Panic and anxiety tear through me at the same time as i scramble out of the bed, searching for my shoes, i quickly find them under one of the chairs and pull them on, ignoring the sharp pain in my back. The vampires had found the hospital, and they were coming to finish what they had started. They were coming to kill everyone.
I had to warn them, even if it slows me down, I couldn't just leave everyone here to die.
Maybe it was stupid, but I had to take the risk.
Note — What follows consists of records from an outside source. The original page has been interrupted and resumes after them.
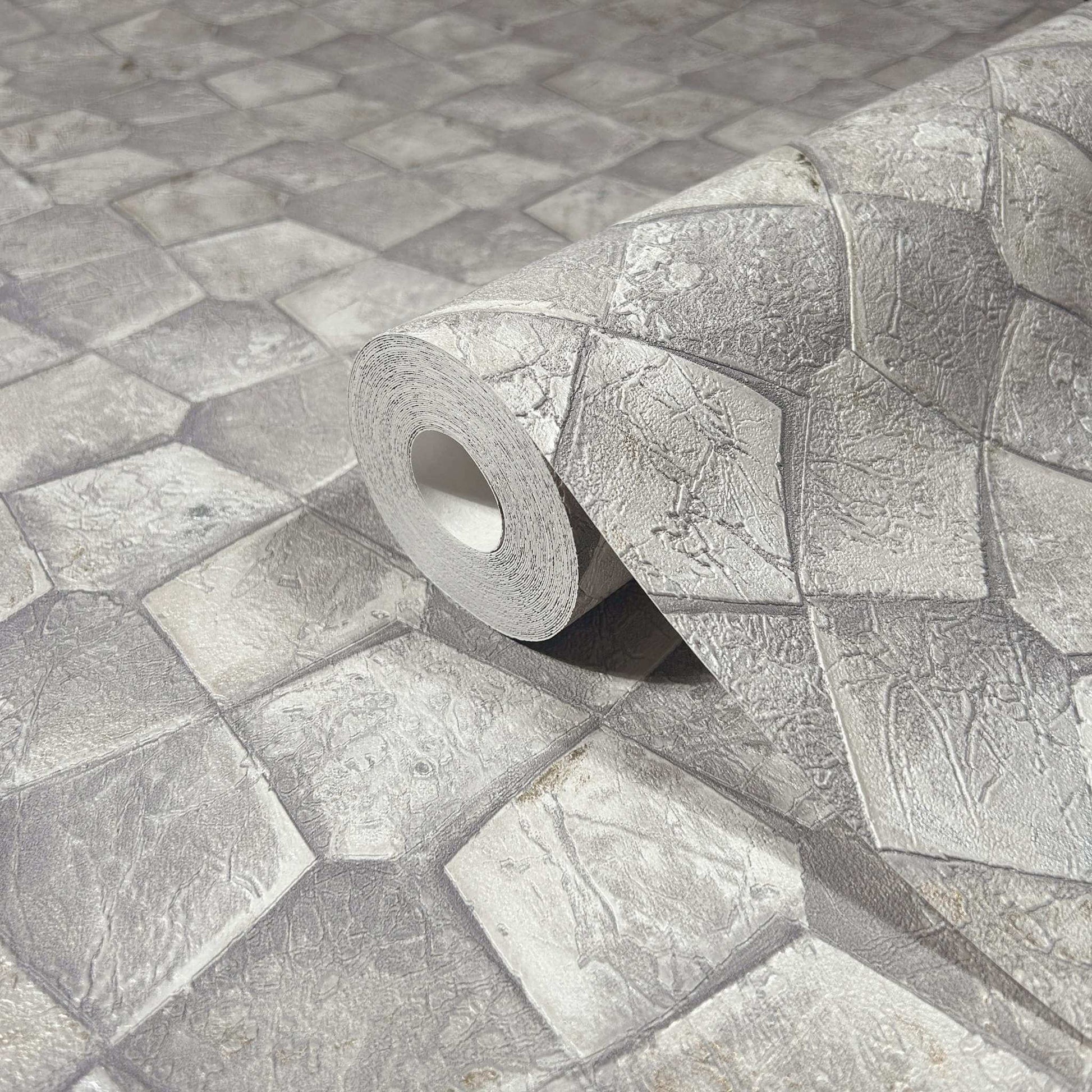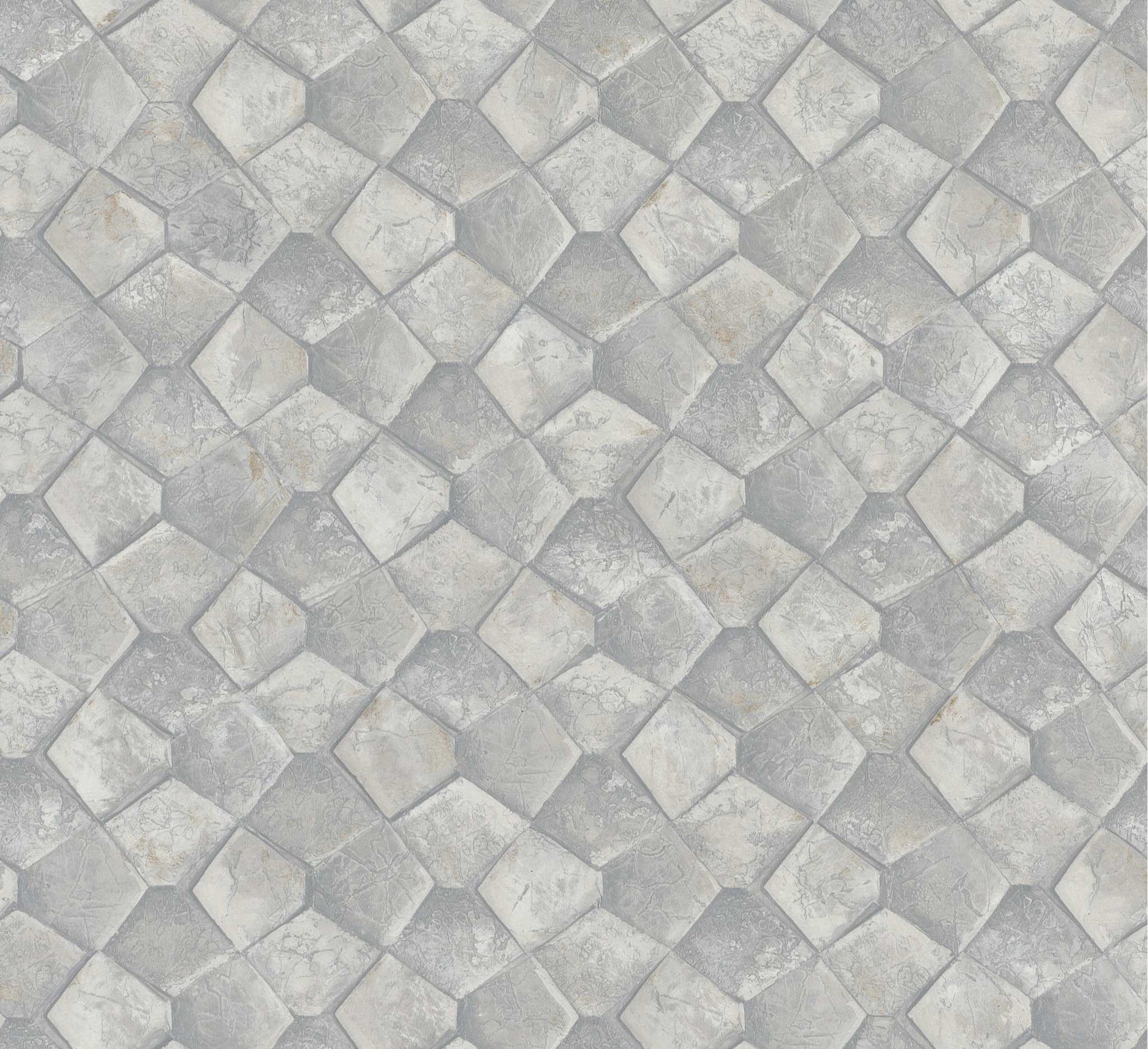 Pattern Waterford's irregular, textured tiles mimic the look of stone. Featured here in gradients of grey and beige. Waterford is an unpasted, vinyl wallpaper measuring 27.6 inches wide by 33 feet long, covering approximately About 75.9 square feet square feet per roll. The Antonina Vella Opulent Accents collection features luxury embossed vinyl wallpaper with rich texture and modern elegance. Designed by Antonina Vella for York Wallcoverings, these non-woven wallpapers add depth, durability, and sophisticated style to both residential and commercial spaces.
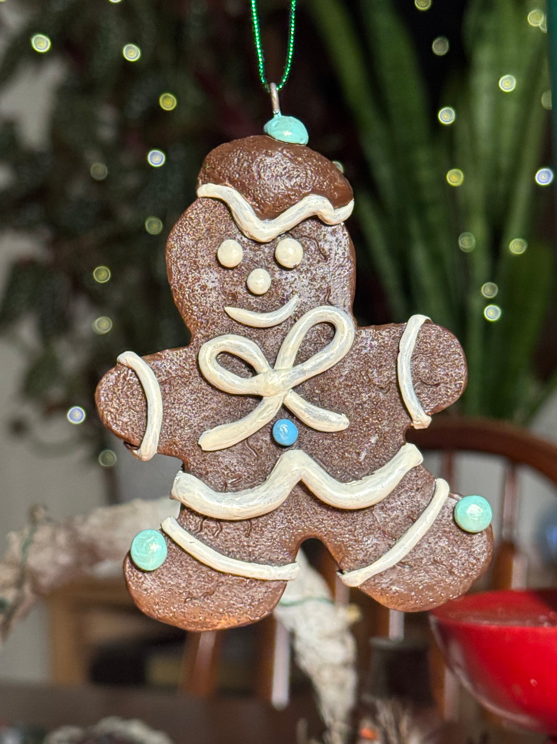 Handmade Gingerbread Man Ornament. Pennant Style with Gold Back.
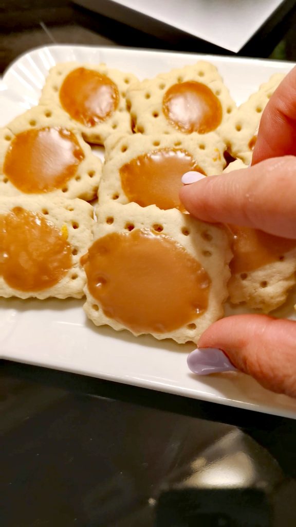 En este punto, quise hacer más sabrosas mis galletas de pastelería fina, colocando en el centro una cucharadita escasa de pudin de caramelo.
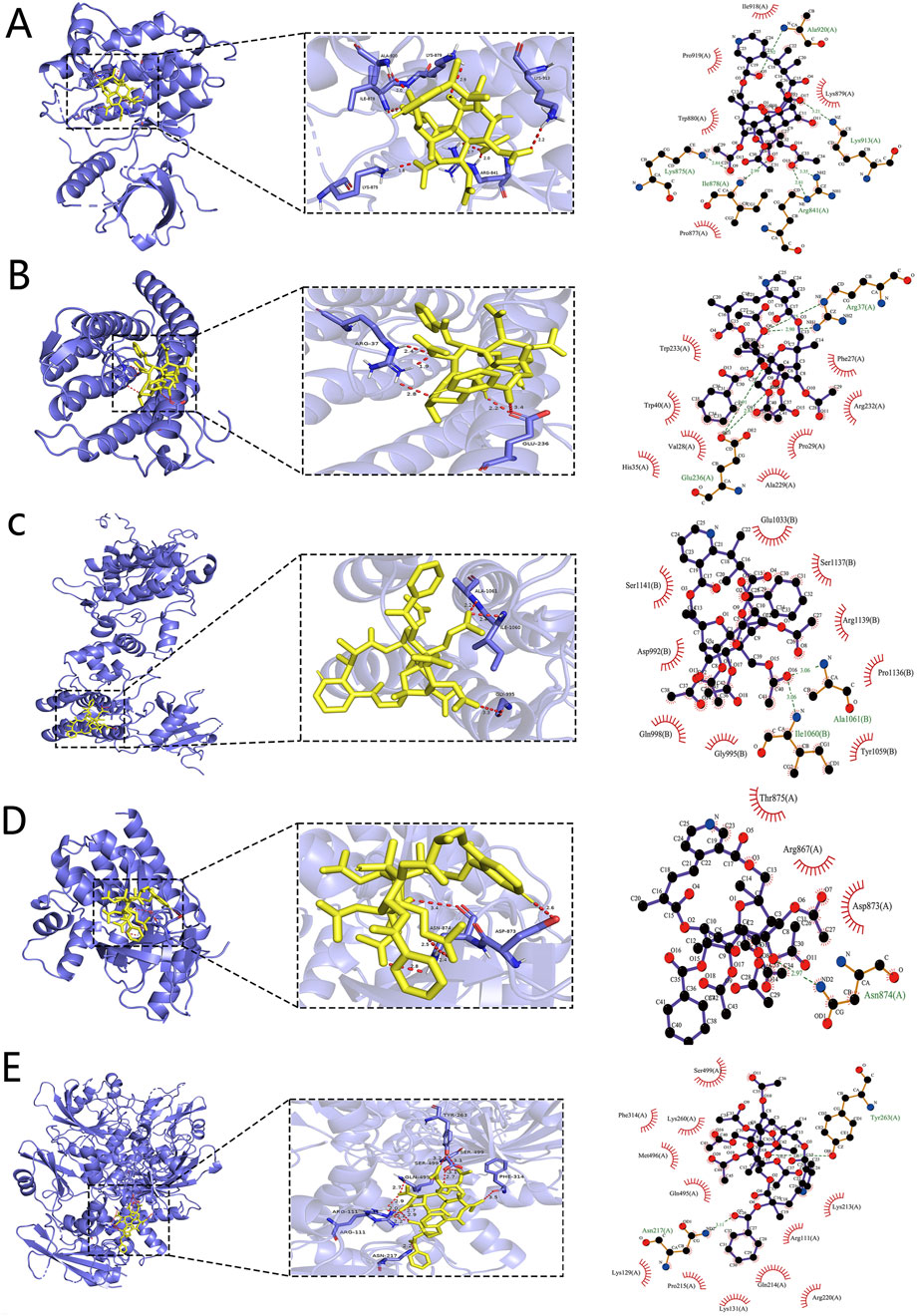 Figure 7. Representative binding poses of the optimal TWP ligands in the active sites of core targets. (A) EGFR-Wilfordinine A; (B) JAK1-Mayteine; (C) JAK2-Wilfordinine F; (D) PTPN11-Wilfornine A; (E) SRD5A1-Euojaponine D. Left panels: overall protein cartoon (blue) with ligand (yellow sticks) and binding-site box (dashed line). Middle panels: close-up 3D interactions (hydrogen bonds as dashed yellow lines, distances in Å). Right panels: 2D interaction diagrams.
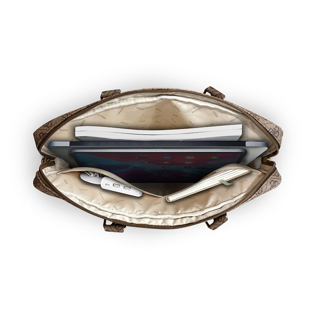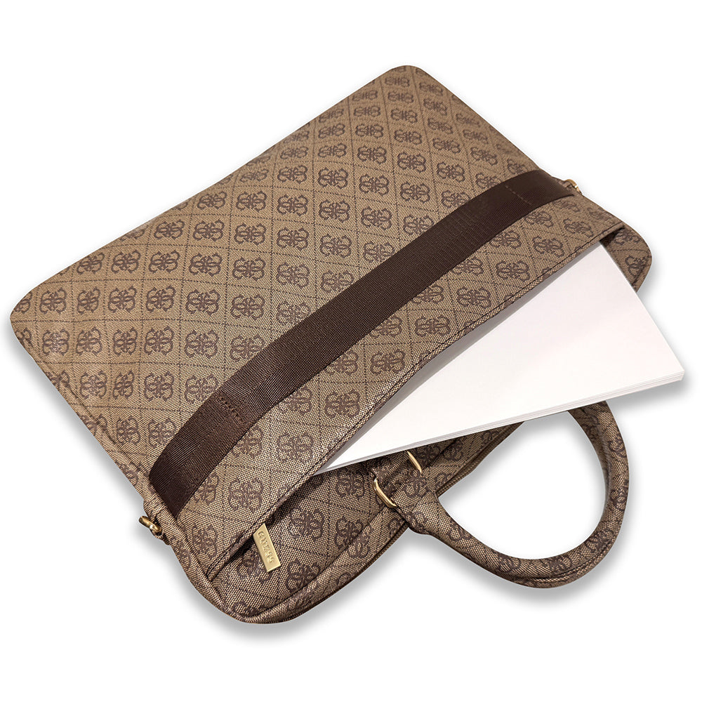 Guess Orjinal Lisanslı 4G Desenli Büyük 4G Logolu Omuz Askılı 15 inç Laptop Çantası
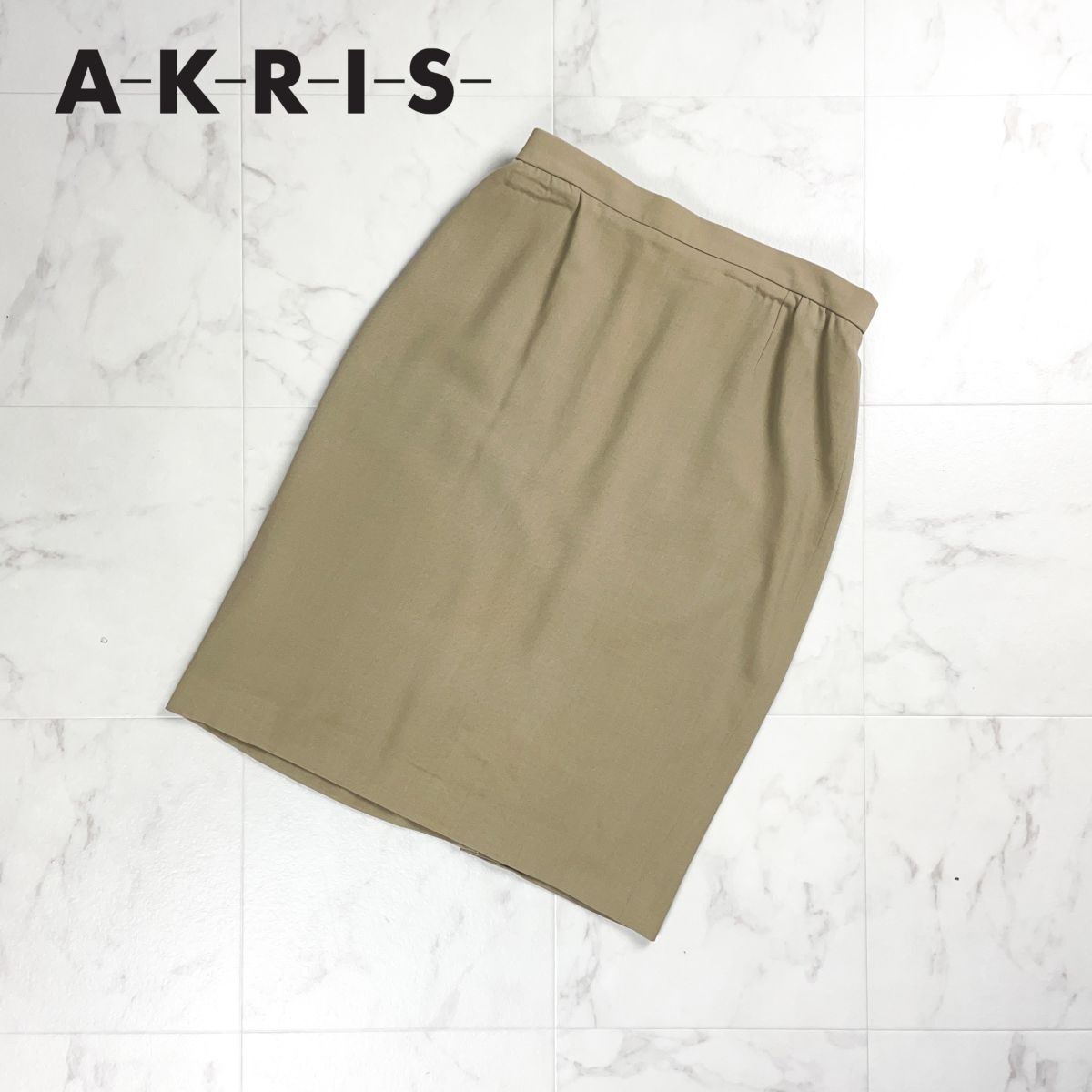 美品 AKRIS アクリス 大きいサイズ ウールタイトスカート 裏地付 膝丈 ベージュ サイズ42*ZC485

I quickly stumble towards the door, my hand inches from the handle when I hear several screams from just outside, I was already too late. I couldn’t save them, not now, not without dying myself.
I had none of my weapons on me, not even the dagger I normally keep in my sock, they take everything from you the minute you arrive. No weapons are allowed in the hospital.
That rule just killed everyone here, maybe even me.
I quietly walk backwards away from the door, my eyes wide as i make my way towards the window, making as little noise as possible as I pull back the curtains. I peak out into the darkness, sighing with relief when i notice that i am only on the second floor. I can jump from this height. Even with my injuries.
I look back at the door as I pull open the window, wincing as the frame creaks loudly, so much for staying silent. I climb onto the ledge and jump seconds before I hear the door to the hospital room open, shouts of angry vampires following me as i plummet to the ground.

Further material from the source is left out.